JevK5-Lite
A 437M DeBERTa-v3-large CPU classifier from the JevK5 project. It reads a text and any number of caller-supplied label sets in one encoder pass and returns a temperature-scaled probability per label: softmax within a single-label head, sigmoid per label in a multi-label head.

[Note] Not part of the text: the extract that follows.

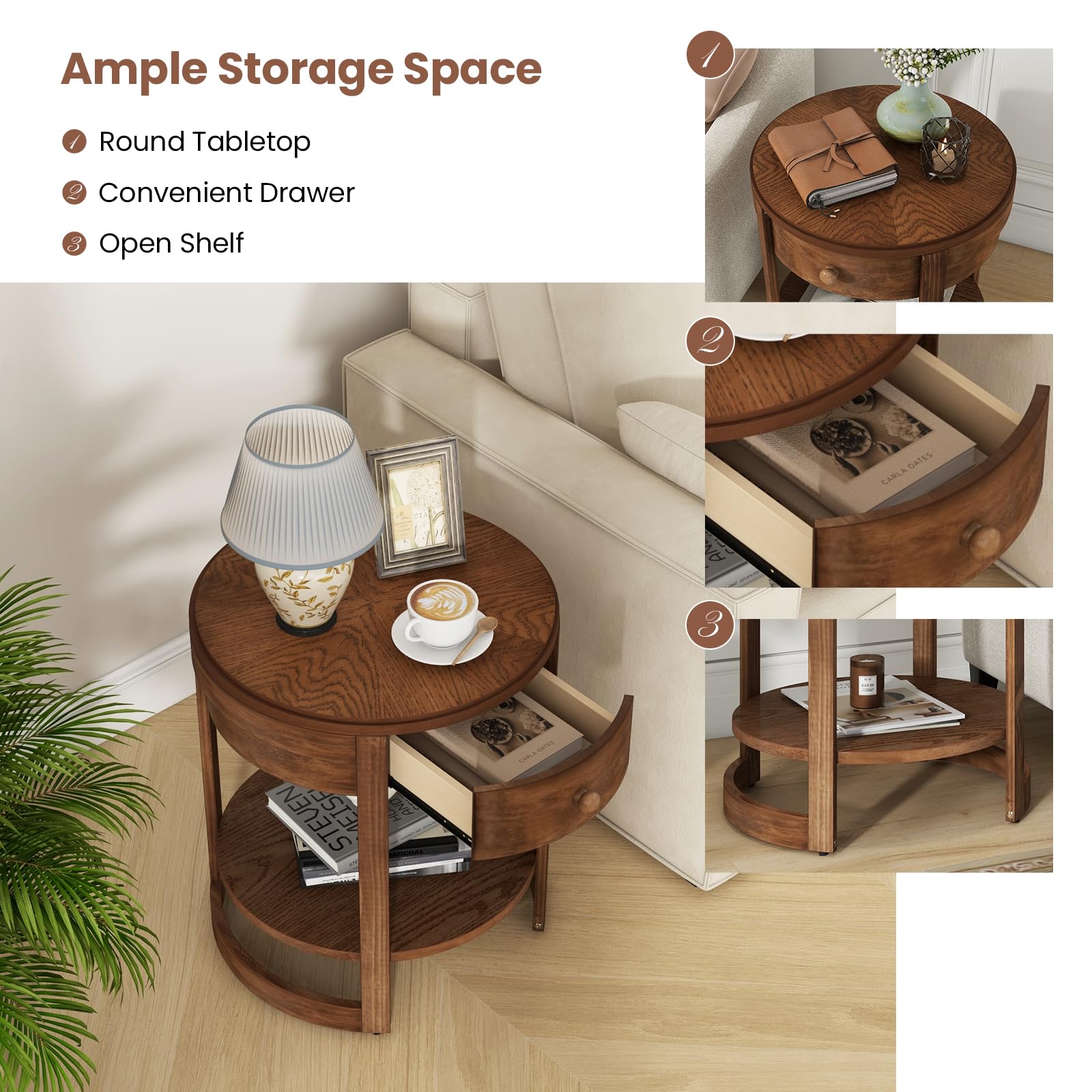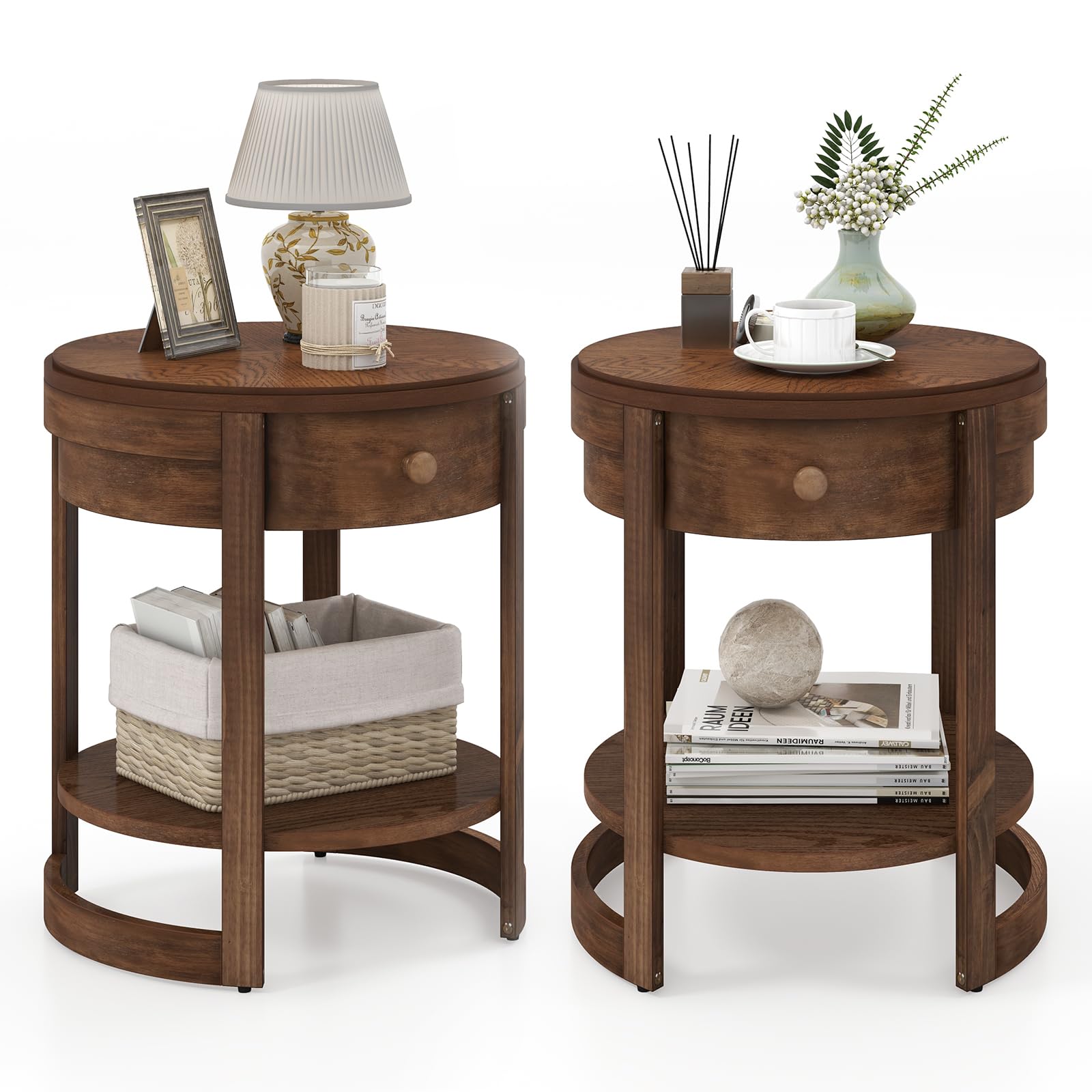 - Vintage Meets Modern: The round end table expertly combines a classic antique wood grain finish with sleek, mid-century modern design elements. Perfect for various furnishing styles, this side table imbues your space with a touch of nostalgia.

Released as preview-1 and labelled experimental by its author; English only. On fastino/fast-decisions dev the maker reports head accuracy 0.587 against GLiNER2.5-Decide's 0.637. On seven public datasets fixed in advance, its mean macro-F1 is 0.629 against 0.643: it wins on AG News and Yahoo Answers and loses on Financial PhraseBank and GoEmotions. Its calibration error is lower on six single-label sets (0.035 to 0.103), but not under every shift (ECE 0.255 on fast-decisions dev). The author's own run on JevBench's 231 public items, a third-party suite, through an adapter that maps choice, score and noul onto label heads, scores easy 0.958, standard 0.750 and hard 0.405. Loads through the jevk5 package's JevK5Lite class. 20,822 training documents were written by GPT-6 Luna and are subject to OpenAI's terms.
What it decides
- classify — assigns a category from a fixed taxonomy
- choice — picks one option from a set
At a glance
| Parameters | 437M |
| Base model | microsoft/deberta-v3-large |
| Maker | Alibi Serikbay |
| Released | 2026-09-25 |
| License | apache-2.0 |
| Reported accuracy | 58.7% |
| Reported latency | 54 to 92 ms median per item, bf16 on 16 CPU threads |
Get the weights
pip install systemonemodels
systemone pull alibi-serikbay/jevk5-lite
The files are served from the maker's Hugging Face repository, alibiserikbay/JevK5-Lite, and verified against the checksums recorded here.